◆ **WHAT TO PRODUCE**
Begin at the first line of the data and copy each line through the one containing "2021年10月19日,信息", that line included, with no pictures.

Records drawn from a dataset
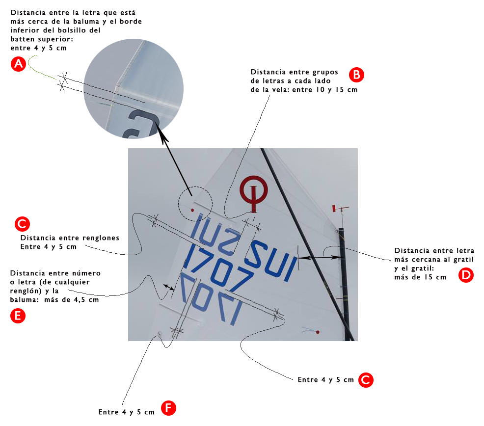 - La distancia entre la letra que está más cerca de la baluma y el borde inferior del bolsillo del batten superior debe ser entre 4 y 5 cm (letra A)
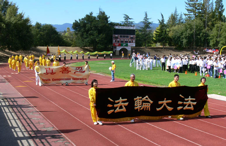 【明慧网二零零七年七月二十六日】二零零七年七月二十二日,第二十三届「金山湾区华人运动大会」在美国加州南湾库泊蒂诺市(Cupertino City)迪安萨学院(De Anza College)举行。今年有近百支队伍参加开幕入列式,法轮功学员也应邀出席。
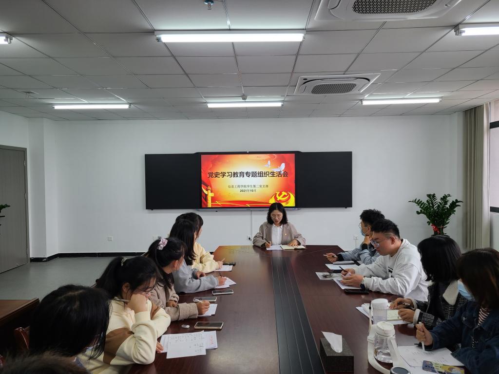 2021年10月19日,信息工程学院学生第二党支部召开党史学习教育专题组织生活会,旨在深入学习贯彻习近平总书记在庆祝中国共产党成立100周年大会上的重要讲话精神,丰富拓展党史学习教育的内涵,推动党史学习教育往深里走、往实里走。会议由支部书记严舒平代表党支部委员会报告半年来学生第二党支部工作情况特别是开展党史学习教育情况,并通报支委会检视问题情况。
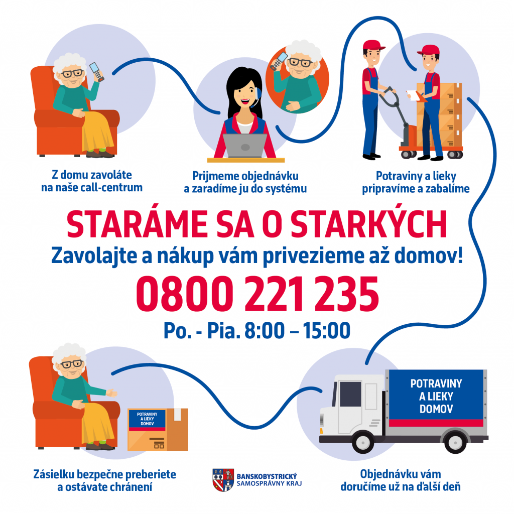 Nákup potravín seniorom a osamelým privezie Banskobystrický samosprávny kraj až domov. Volajte zadarmo na 0800 221 235, pondelok až piatok od 8:00 do 15:00, nadiktujte svoj nákupný zoznam a zaplatíte pri doručení. Seniori a rizikové skupiny ľudí, zostaňte doma a nedajte šancu koronavírusu. Volajte 0800 221 235 a potraviny vám župa privezie až domov.
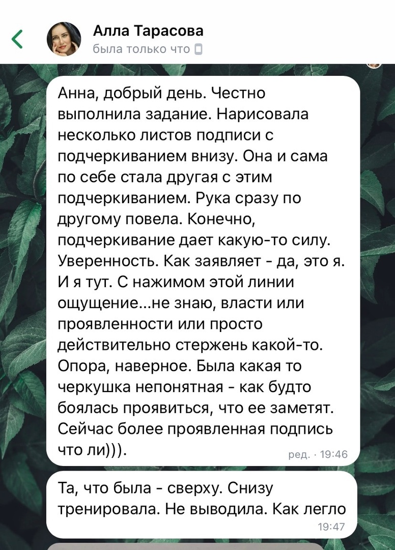 Удивительно, но по мере тренировки новой подписи, клиент начал отмечать, что с ним происходят и внутренние изменения: как будто начали просыпаться нужные качества характера, прибавилось уверенности в себе, появилось больше энергии, открытости новому, уменьшился страх перед будущим. При рисовании новой подписи реагировало даже тело, как происходит на сеансах терапии.
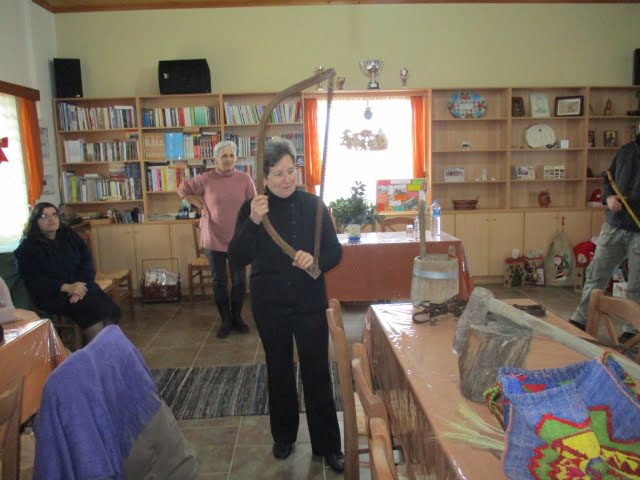 Στη συνέχεια, στην αίθουσα του Συλλόγου στ’ Αλώνια, η κ. Κατερίνα Παν. Χαρίτου με απλό και κατανοητό τρόπο, μίλησε στους μαθητές για τα διάφορα αντικείμενα και εργαλεία που χρησιμοποιούσαν οι ντόπιοι τα παλιά χρόνια, για να μαγειρεύουν, να καλλιεργούν τη γη τους και να περιποιούνται τα ζωντανά τους.
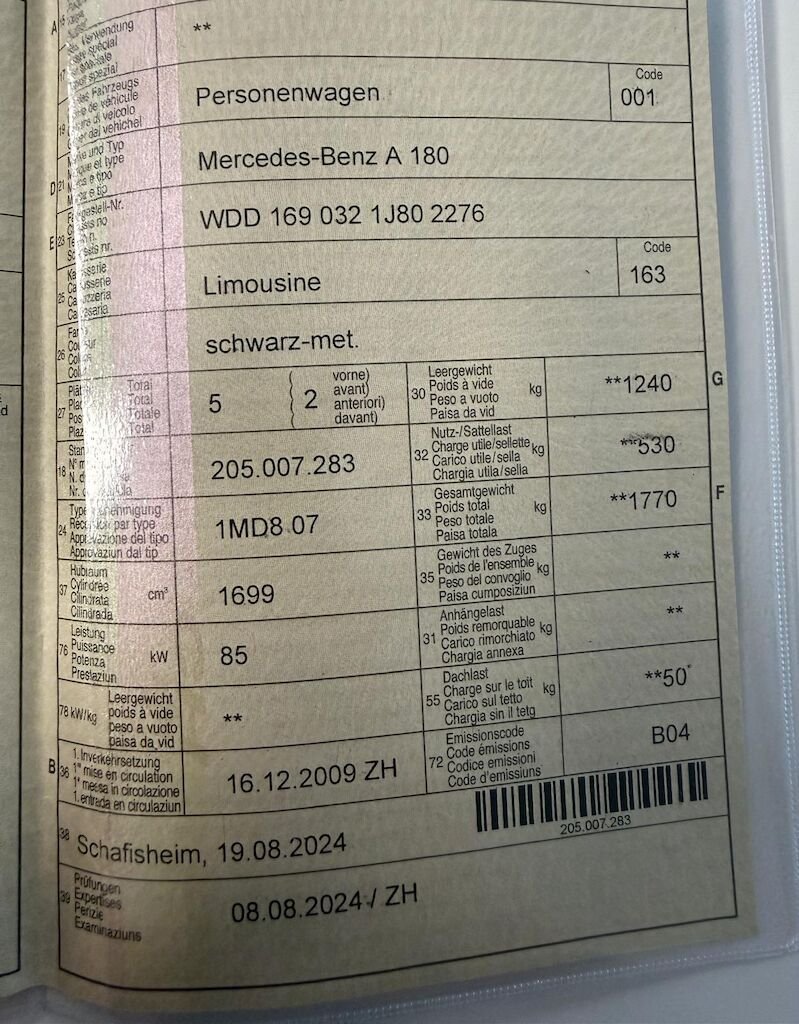 2009 Mercedes Benz A 180
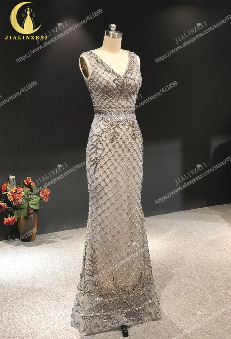 210 Zuhair Murad Роскошная серая шаль ручной работы Русалка с V-образным вырезом двойные халаты de bal деловые платья вечерние платья

◆ **YOUR SOLUTION**
 - La distancia entre la letra que está más cerca de la baluma y el borde inferior del bolsillo del batten superior debe ser entre 4 y 5 cm (letra A)
 【明慧网二零零七年七月二十六日】二零零七年七月二十二日,第二十三届「金山湾区华人运动大会」在美国加州南湾库泊蒂诺市(Cupertino City)迪安萨学院(De Anza College)举行。今年有近百支队伍参加开幕入列式,法轮功学员也应邀出席。
 2021年10月19日,信息工程学院学生第二党支部召开党史学习教育专题组织生活会,旨在深入学习贯彻习近平总书记在庆祝中国共产党成立100周年大会上的重要讲话精神,丰富拓展党史学习教育的内涵,推动党史学习教育往深里走、往实里走。会议由支部书记严舒平代表党支部委员会报告半年来学生第二党支部工作情况特别是开展党史学习教育情况,并通报支委会检视问题情况。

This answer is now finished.